:: Data supplied ::

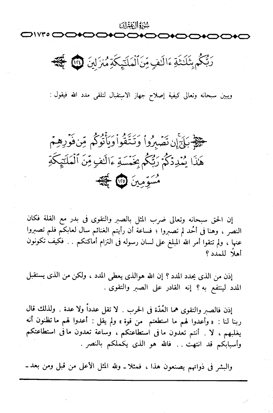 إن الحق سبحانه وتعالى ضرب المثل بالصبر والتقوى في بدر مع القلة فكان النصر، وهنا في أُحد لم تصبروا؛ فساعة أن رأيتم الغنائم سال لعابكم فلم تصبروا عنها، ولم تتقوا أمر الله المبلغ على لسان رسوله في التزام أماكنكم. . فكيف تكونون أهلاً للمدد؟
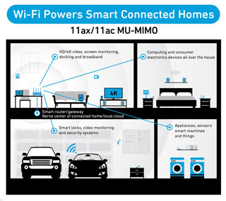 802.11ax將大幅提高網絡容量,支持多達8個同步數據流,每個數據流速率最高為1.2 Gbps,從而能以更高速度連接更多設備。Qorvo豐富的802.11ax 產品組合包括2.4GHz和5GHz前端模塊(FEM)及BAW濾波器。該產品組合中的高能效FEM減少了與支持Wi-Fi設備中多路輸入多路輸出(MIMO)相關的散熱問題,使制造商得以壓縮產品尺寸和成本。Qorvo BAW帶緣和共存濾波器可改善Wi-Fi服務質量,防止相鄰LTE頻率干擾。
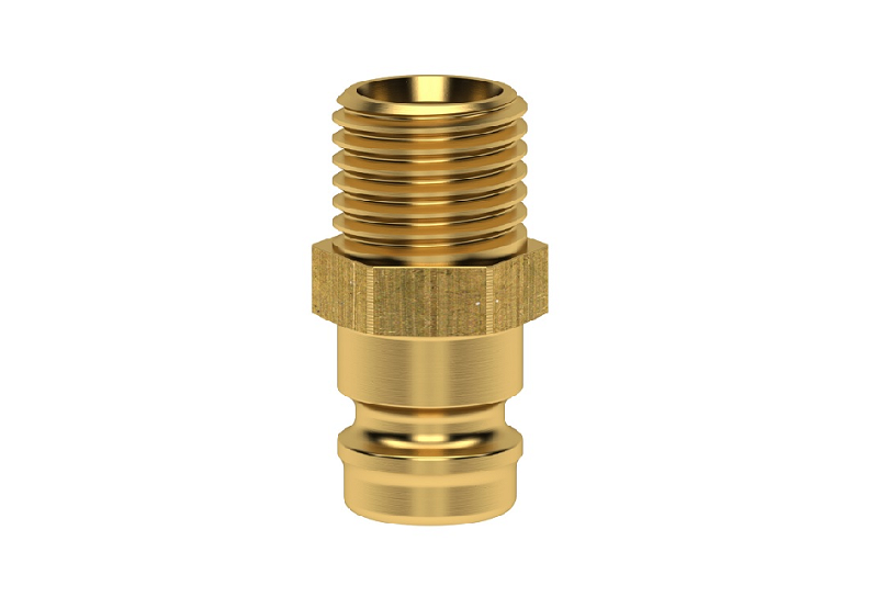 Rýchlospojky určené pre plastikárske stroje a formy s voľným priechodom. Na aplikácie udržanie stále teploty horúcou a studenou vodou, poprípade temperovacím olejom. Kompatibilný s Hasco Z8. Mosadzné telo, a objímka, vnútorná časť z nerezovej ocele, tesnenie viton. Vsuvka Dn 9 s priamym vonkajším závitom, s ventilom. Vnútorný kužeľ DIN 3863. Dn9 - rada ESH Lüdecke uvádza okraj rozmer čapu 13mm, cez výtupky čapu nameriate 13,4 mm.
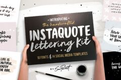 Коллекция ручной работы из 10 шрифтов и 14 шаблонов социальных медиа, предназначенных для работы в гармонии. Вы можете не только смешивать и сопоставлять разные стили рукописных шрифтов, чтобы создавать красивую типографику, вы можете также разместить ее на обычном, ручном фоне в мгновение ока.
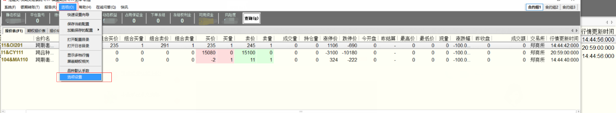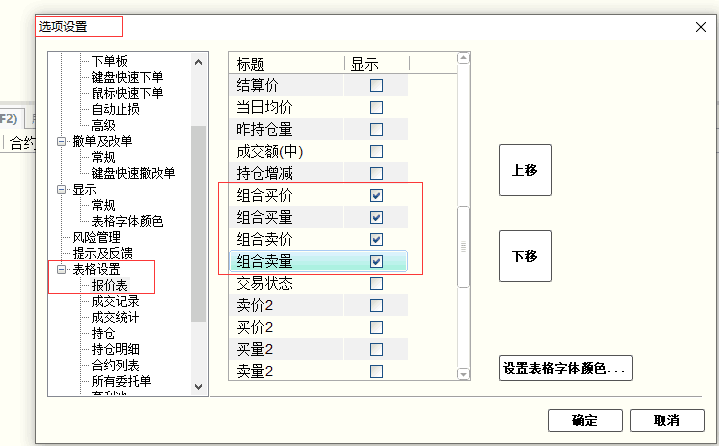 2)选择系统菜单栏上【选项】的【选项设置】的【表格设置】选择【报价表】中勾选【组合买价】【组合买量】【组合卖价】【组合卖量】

:::
:: Data supplied ::

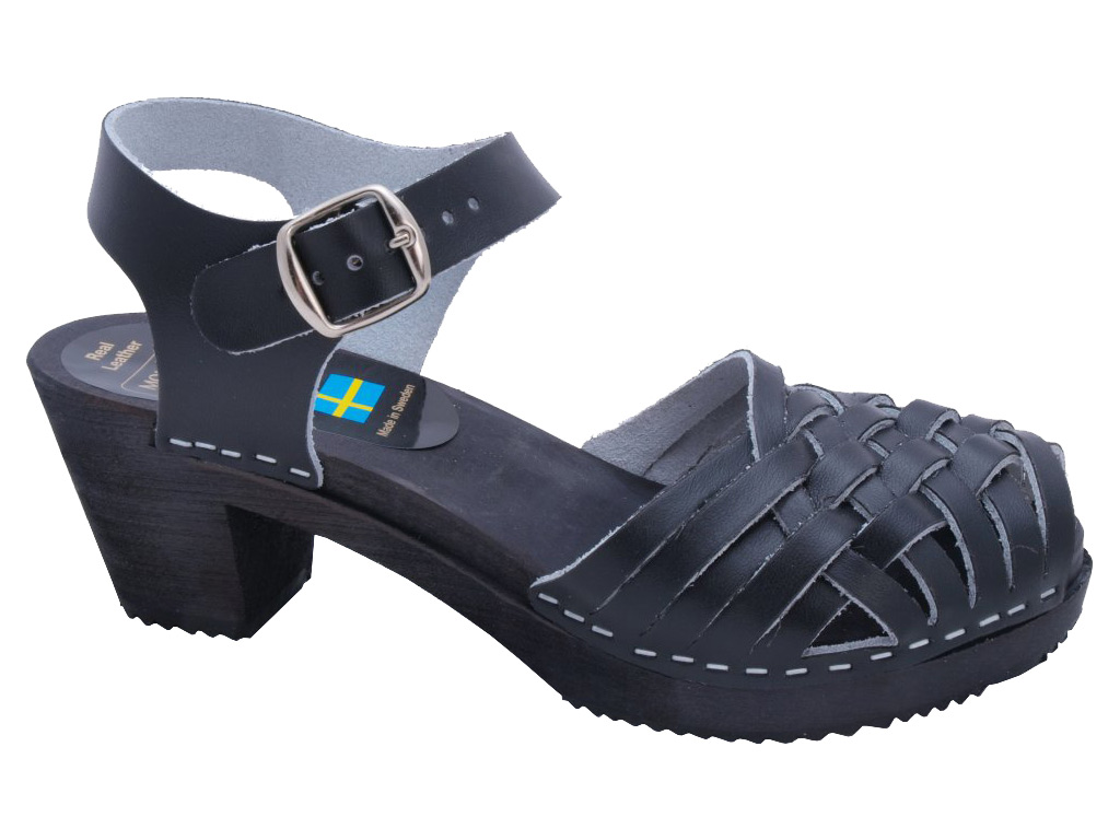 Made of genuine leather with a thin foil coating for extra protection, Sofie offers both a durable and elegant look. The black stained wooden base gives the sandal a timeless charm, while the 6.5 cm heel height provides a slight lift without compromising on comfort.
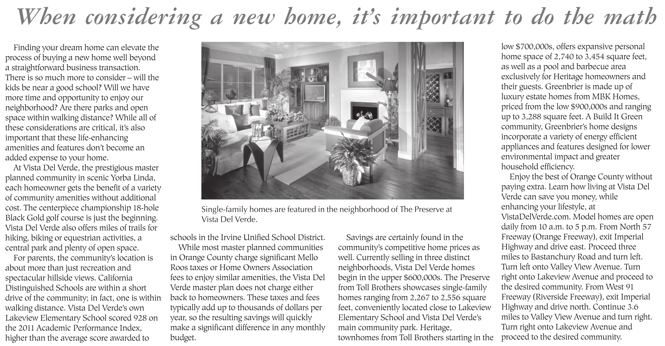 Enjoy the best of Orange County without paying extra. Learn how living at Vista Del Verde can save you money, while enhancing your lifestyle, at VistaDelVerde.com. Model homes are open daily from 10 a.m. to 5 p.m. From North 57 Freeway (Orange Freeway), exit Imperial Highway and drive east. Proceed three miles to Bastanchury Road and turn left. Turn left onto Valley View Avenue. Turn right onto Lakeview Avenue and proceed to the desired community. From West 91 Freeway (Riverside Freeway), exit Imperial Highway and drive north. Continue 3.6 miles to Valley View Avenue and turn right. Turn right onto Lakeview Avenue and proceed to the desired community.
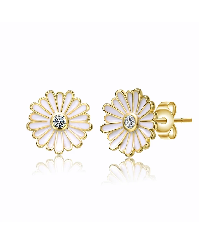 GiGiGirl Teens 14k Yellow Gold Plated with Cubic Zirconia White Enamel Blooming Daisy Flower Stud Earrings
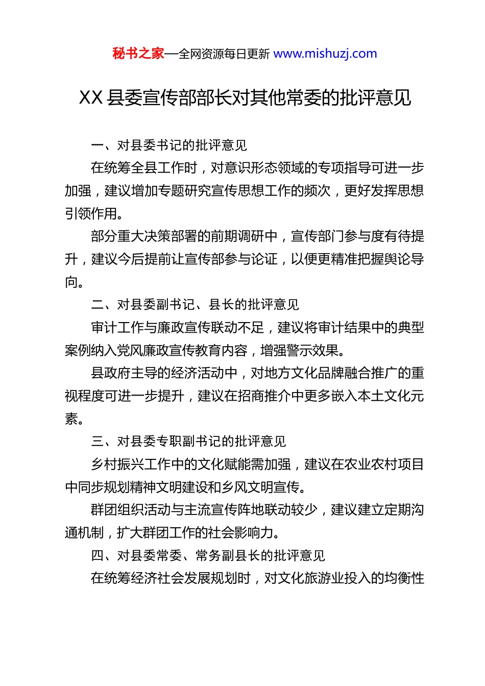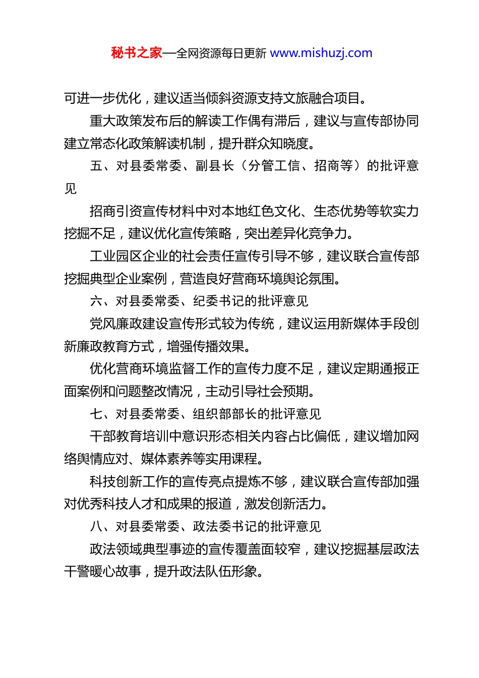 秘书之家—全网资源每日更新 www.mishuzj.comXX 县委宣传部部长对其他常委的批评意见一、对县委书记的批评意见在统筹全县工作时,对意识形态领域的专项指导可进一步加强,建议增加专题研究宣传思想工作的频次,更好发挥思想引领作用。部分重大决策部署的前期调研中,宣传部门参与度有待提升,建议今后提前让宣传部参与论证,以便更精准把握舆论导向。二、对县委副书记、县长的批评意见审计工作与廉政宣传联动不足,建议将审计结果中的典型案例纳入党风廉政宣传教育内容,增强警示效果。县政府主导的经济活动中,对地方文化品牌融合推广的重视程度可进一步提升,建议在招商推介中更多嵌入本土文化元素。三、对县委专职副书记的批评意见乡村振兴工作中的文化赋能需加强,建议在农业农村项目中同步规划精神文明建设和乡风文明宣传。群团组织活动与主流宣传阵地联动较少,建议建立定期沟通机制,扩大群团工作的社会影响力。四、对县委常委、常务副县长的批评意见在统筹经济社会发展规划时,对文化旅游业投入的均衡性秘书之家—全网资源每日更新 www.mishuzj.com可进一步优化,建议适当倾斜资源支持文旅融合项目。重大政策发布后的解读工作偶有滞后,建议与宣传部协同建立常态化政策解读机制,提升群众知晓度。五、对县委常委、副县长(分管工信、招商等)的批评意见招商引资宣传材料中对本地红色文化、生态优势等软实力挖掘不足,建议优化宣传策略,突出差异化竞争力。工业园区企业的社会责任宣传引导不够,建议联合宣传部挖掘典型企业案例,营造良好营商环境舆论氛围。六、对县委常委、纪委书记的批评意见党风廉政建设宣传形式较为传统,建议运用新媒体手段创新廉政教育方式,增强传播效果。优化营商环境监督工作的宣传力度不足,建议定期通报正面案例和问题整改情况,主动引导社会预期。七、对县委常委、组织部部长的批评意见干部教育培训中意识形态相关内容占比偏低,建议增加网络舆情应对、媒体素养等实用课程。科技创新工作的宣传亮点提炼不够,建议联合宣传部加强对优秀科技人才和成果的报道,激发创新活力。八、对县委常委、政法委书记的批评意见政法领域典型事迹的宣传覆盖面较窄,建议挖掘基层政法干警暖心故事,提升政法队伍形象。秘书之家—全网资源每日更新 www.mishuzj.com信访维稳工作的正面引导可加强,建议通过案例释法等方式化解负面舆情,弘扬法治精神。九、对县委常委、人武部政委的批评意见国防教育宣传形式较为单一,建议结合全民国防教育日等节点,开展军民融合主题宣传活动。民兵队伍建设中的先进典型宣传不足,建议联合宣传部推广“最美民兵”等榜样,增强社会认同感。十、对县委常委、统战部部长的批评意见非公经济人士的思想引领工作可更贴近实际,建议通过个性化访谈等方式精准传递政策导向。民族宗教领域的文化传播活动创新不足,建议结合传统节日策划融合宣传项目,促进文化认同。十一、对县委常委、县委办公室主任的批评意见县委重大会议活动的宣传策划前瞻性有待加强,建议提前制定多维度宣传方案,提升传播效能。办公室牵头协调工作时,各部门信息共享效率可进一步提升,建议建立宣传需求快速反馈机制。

:::
:: Data supplied ::

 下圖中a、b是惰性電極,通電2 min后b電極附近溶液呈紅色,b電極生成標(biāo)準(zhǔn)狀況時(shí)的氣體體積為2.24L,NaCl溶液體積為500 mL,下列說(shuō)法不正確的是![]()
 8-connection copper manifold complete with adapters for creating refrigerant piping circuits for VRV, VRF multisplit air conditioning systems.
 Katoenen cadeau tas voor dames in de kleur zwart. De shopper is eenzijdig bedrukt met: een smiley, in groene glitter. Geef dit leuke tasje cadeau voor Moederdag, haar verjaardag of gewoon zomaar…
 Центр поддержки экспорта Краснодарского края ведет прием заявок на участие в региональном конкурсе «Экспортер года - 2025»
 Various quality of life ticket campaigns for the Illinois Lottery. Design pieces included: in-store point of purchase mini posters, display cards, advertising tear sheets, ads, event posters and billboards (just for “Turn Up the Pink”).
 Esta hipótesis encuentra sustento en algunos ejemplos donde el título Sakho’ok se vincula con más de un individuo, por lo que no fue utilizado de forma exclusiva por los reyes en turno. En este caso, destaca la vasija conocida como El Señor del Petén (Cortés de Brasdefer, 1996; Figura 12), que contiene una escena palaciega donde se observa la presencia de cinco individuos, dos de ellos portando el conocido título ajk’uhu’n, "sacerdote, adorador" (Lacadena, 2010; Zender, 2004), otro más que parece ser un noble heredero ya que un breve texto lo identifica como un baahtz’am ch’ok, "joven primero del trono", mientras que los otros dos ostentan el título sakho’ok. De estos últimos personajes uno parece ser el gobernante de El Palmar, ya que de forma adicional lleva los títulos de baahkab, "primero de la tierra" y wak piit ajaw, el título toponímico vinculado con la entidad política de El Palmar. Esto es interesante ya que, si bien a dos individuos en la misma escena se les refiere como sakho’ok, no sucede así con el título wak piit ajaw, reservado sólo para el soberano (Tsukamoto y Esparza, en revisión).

:::

» **Work instructions**
Start at the line containing "Enjoy the best" above and stop at the line containing "GiGiGirl Teens 14k". Output those lines exactly, both included, but none of the pictures.

» **Reply**
 Enjoy the best of Orange County without paying extra. Learn how living at Vista Del Verde can save you money, while enhancing your lifestyle, at VistaDelVerde.com. Model homes are open daily from 10 a.m. to 5 p.m. From North 57 Freeway (Orange Freeway), exit Imperial Highway and drive east. Proceed three miles to Bastanchury Road and turn left. Turn left onto Valley View Avenue. Turn right onto Lakeview Avenue and proceed to the desired community. From West 91 Freeway (Riverside Freeway), exit Imperial Highway and drive north. Continue 3.6 miles to Valley View Avenue and turn right. Turn right onto Lakeview Avenue and proceed to the desired community.
 GiGiGirl Teens 14k Yellow Gold Plated with Cubic Zirconia White Enamel Blooming Daisy Flower Stud Earrings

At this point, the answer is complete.